GIVEN INFORMATION section start

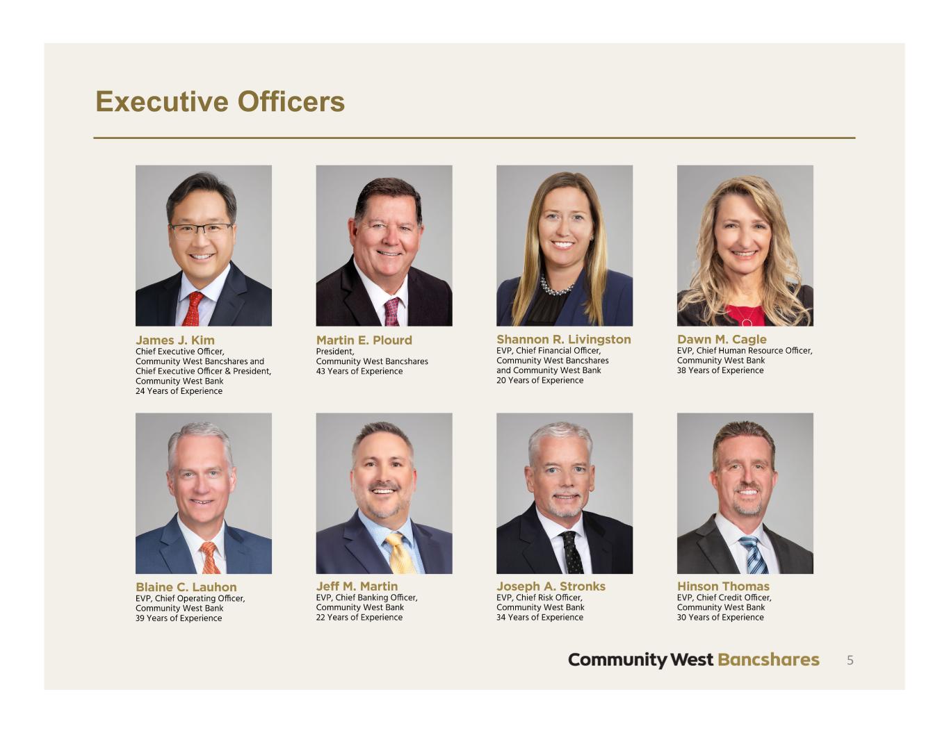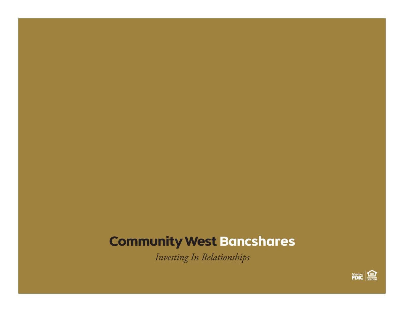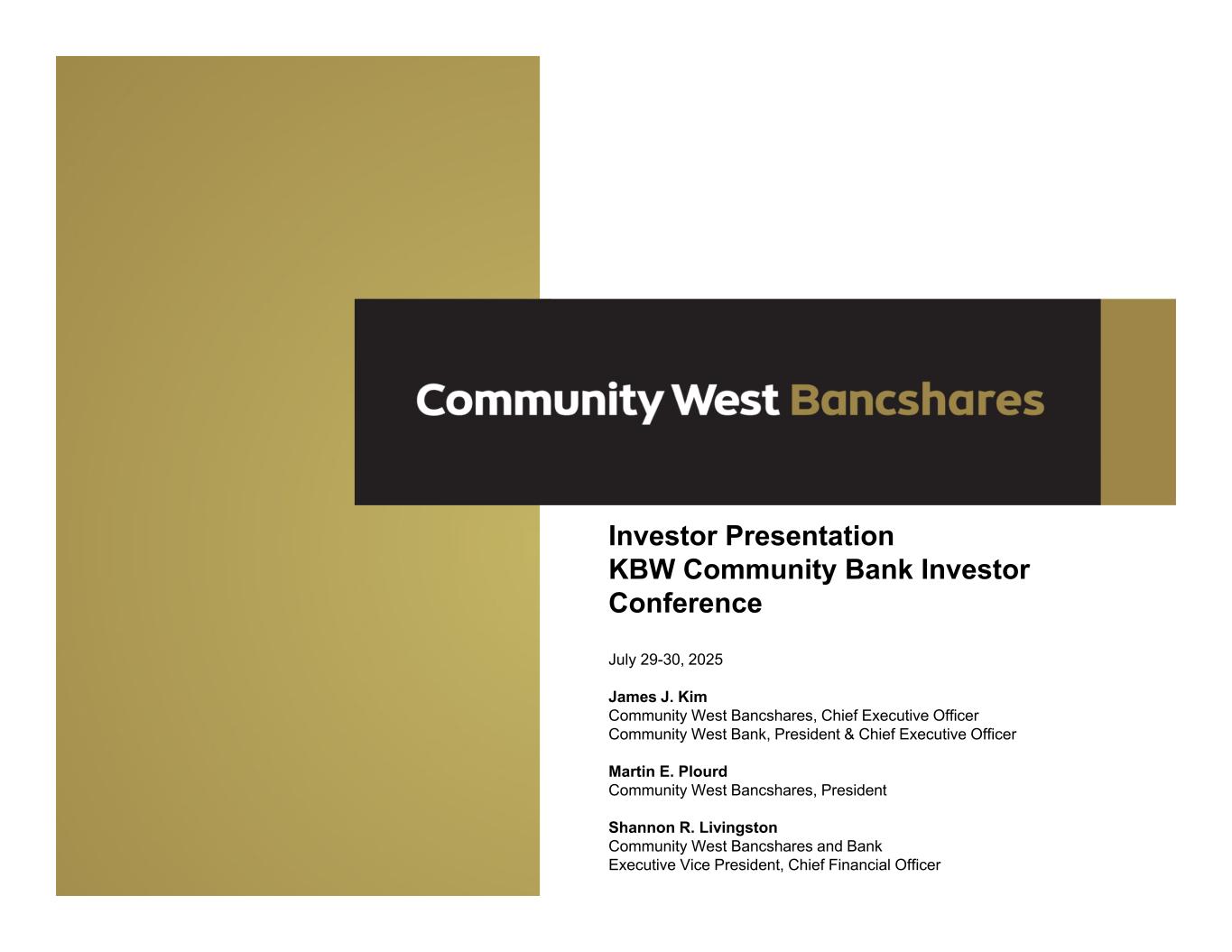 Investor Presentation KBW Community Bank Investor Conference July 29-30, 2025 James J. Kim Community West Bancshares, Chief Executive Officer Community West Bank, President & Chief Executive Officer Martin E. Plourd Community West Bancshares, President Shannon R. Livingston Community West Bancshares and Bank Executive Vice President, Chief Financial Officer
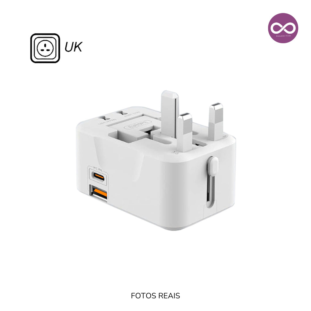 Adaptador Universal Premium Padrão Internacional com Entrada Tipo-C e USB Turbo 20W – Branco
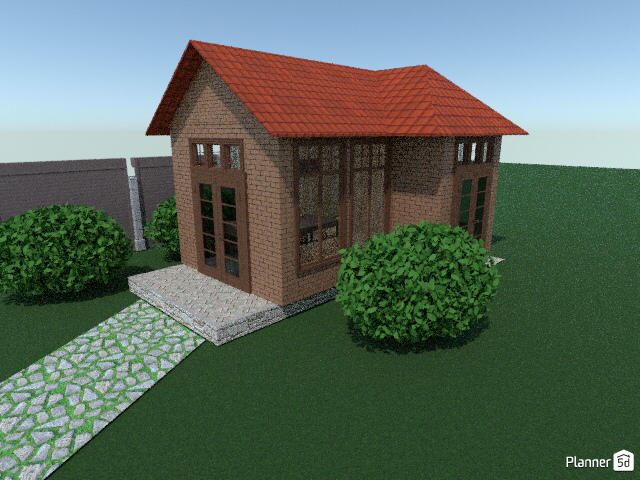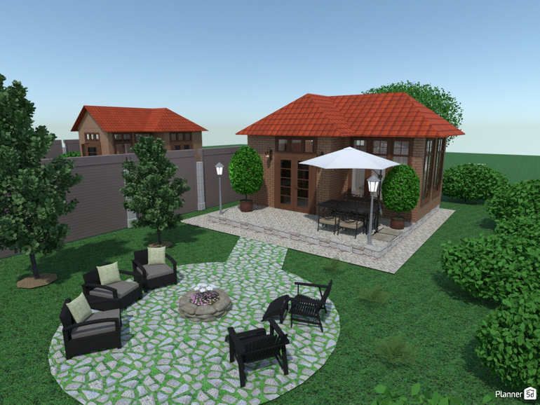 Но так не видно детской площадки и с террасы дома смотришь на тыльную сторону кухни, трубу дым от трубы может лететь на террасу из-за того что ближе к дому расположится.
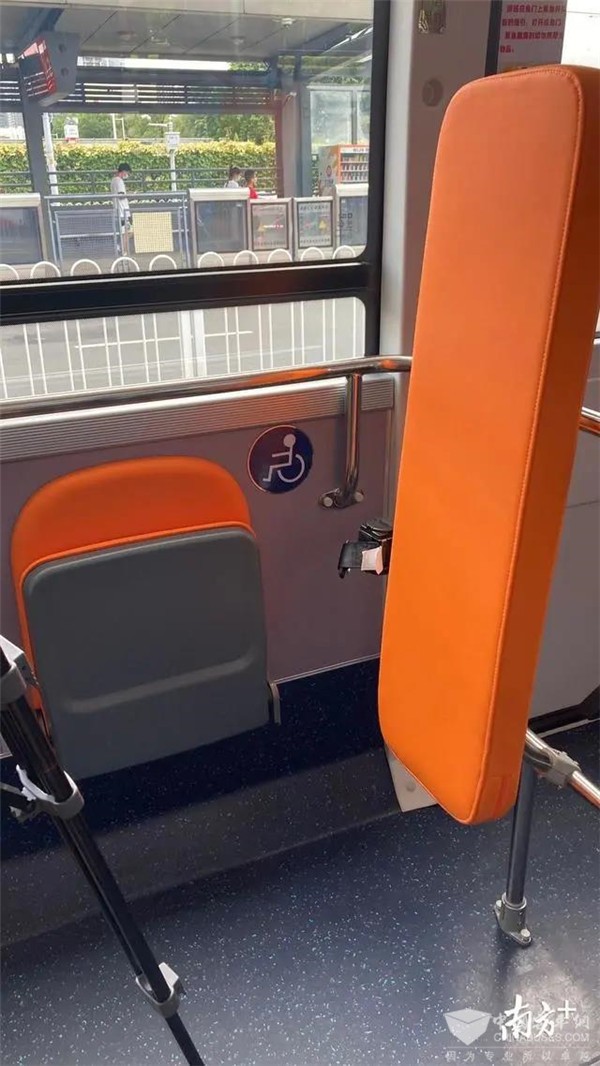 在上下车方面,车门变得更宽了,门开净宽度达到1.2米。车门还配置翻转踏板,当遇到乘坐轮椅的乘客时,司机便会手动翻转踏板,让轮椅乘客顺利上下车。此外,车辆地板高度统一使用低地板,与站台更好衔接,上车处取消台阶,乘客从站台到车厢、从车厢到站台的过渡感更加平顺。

GIVEN INFORMATION section end

WHAT IS EXPECTED:
Reproduce word for word the lines from the line holding "Adaptador Universal Premium" through the last line of the material above, inclusive, and keep pictures out of it.

SOLUTION TO THIS PROBLEM:
 Adaptador Universal Premium Padrão Internacional com Entrada Tipo-C e USB Turbo 20W – Branco
 Но так не видно детской площадки и с террасы дома смотришь на тыльную сторону кухни, трубу дым от трубы может лететь на террасу из-за того что ближе к дому расположится.
 在上下车方面,车门变得更宽了,门开净宽度达到1.2米。车门还配置翻转踏板,当遇到乘坐轮椅的乘客时,司机便会手动翻转踏板,让轮椅乘客顺利上下车。此外,车辆地板高度统一使用低地板,与站台更好衔接,上车处取消台阶,乘客从站台到车厢、从车厢到站台的过渡感更加平顺。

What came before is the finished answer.